§ **Task to carry out**: What is printed must match, line for line, the records from their first line through the line containing "Highly recommend the", with pictures left out.

^^^^^^^^^^^^^^^^

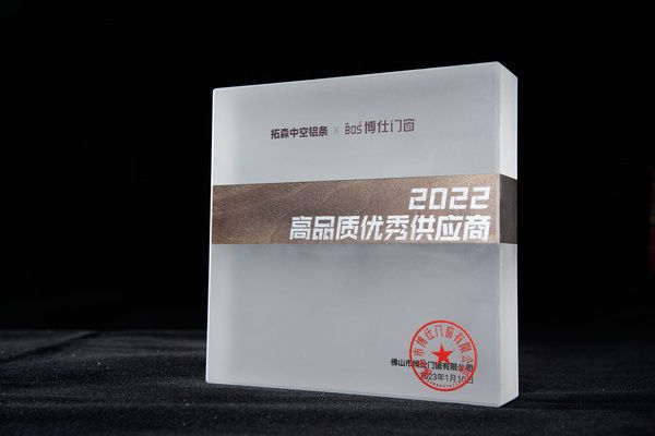 拓森中空铝条获“博仕门窗2022高品质优秀供应商”
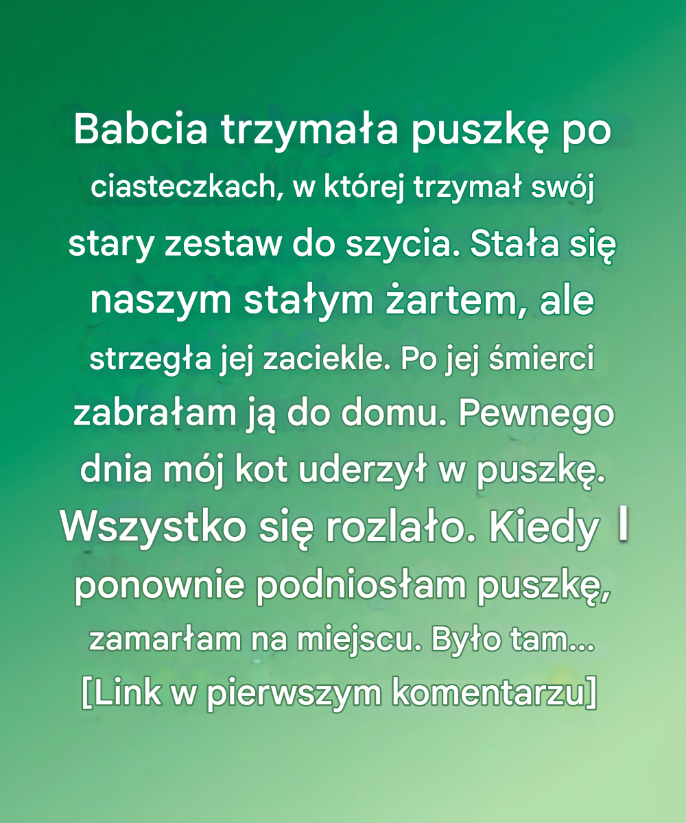 Drażniliśmy ją z tego powodu, gdy byliśmy młodsi. „Pewnego dnia zrobisz nam niespodziankę ciasteczkami, prawda?” – żartowaliśmy. Babcia się uśmiechała, ale nigdy się nie śmiała. Po prostu odkładała puszkę na miejsce, ostrożnie i z rozmysłem. Już jako dziecko czułem, że puszka waży więcej, niż sugerowała jej zawartość. Dla niej to nie było pudełko z drobiazgami. To było coś strzeżonego.
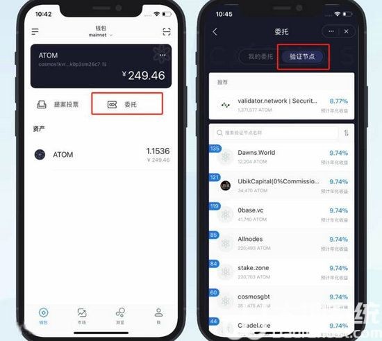 1、打开Cosmos钱包点击「委托」,点击「验证节点」即可查看各验证节点的预计年化收益和已被委托的ATOM数量。
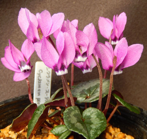 そういう目で見ると,チビ苗の方は土がキレイで新しく植え替えられたものと分かる.で,チビ苗の方の葉に注目.点々があるが病気ではない.こういう雪割草独特の模様らしい.思わず「これって病気?」と聞いてしまったが…(~_~;) 病気だったら裏を見ると白抜けするらしいが,これは裏もしっかり茶色=模様になっている.聞いて一安心.こちらは2013年の春にやはり京都で購入したもの.毎年蓼科で夏越ししていたため,蓼科と大阪を行ったり来たり.初年度は蓼科で地植えにしたが,その後ポット上げ.名前が付いていたと思うが名札はとうに行方不明.(^^;
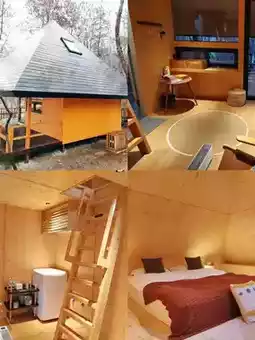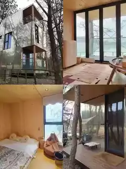 Highly recommend the “Fairy House”! Nordic-style triangular wooden cabin, open the door to your private lawn + bonfire area~ The round bed is super soft, air conditioning + fireplace are very thoughtful, plus Dyson hairdryer, portable speaker, and books to browse at will! At night, lie on the sofa watching the lake view, the sound of wind, insects, and distant bonfire blend together, so healing you’ll want to live here forever~
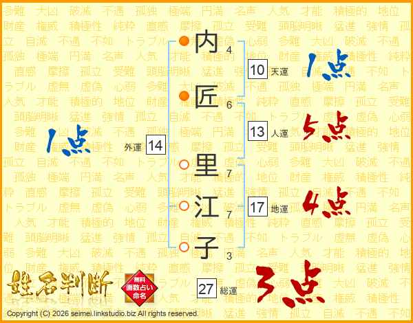 内(4画)匠(6画) 里(7画)江(7画)子(3画)
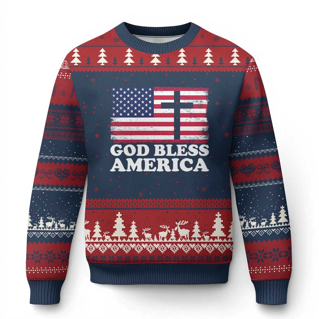 Rushgleam God Bless America Ugly Christmas Sweater Cross USA Flag Patriotic Gift For Christian
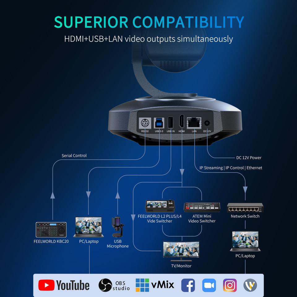 Cámara PTZ FEELWORLD 4K10X con Resolución 4K y Zoom 10X, USB HDMI para Videoconferencias, Transmisiones en Vivo, Iglesias y Servicios Religiosos
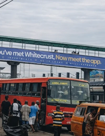 A City That Never Waits is a photographic series that explores the urgency of everyday life in Lagos through the movements of its commuters. The images focus on moments where people jump onto moving buses, cling to doorways, and compete for access to public transport—gestures that reveal how time, survival, and mobility intersect in the city.

^^^^^^^^^^^^^^^^

§ **Response to this exercise**:
 拓森中空铝条获“博仕门窗2022高品质优秀供应商”
 Drażniliśmy ją z tego powodu, gdy byliśmy młodsi. „Pewnego dnia zrobisz nam niespodziankę ciasteczkami, prawda?” – żartowaliśmy. Babcia się uśmiechała, ale nigdy się nie śmiała. Po prostu odkładała puszkę na miejsce, ostrożnie i z rozmysłem. Już jako dziecko czułem, że puszka waży więcej, niż sugerowała jej zawartość. Dla niej to nie było pudełko z drobiazgami. To było coś strzeżonego.
 1、打开Cosmos钱包点击「委托」,点击「验证节点」即可查看各验证节点的预计年化收益和已被委托的ATOM数量。
 そういう目で見ると,チビ苗の方は土がキレイで新しく植え替えられたものと分かる.で,チビ苗の方の葉に注目.点々があるが病気ではない.こういう雪割草独特の模様らしい.思わず「これって病気?」と聞いてしまったが…(~_~;) 病気だったら裏を見ると白抜けするらしいが,これは裏もしっかり茶色=模様になっている.聞いて一安心.こちらは2013年の春にやはり京都で購入したもの.毎年蓼科で夏越ししていたため,蓼科と大阪を行ったり来たり.初年度は蓼科で地植えにしたが,その後ポット上げ.名前が付いていたと思うが名札はとうに行方不明.(^^;
 Highly recommend the “Fairy House”! Nordic-style triangular wooden cabin, open the door to your private lawn + bonfire area~ The round bed is super soft, air conditioning + fireplace are very thoughtful, plus Dyson hairdryer, portable speaker, and books to browse at will! At night, lie on the sofa watching the lake view, the sound of wind, insects, and distant bonfire blend together, so healing you’ll want to live here forever~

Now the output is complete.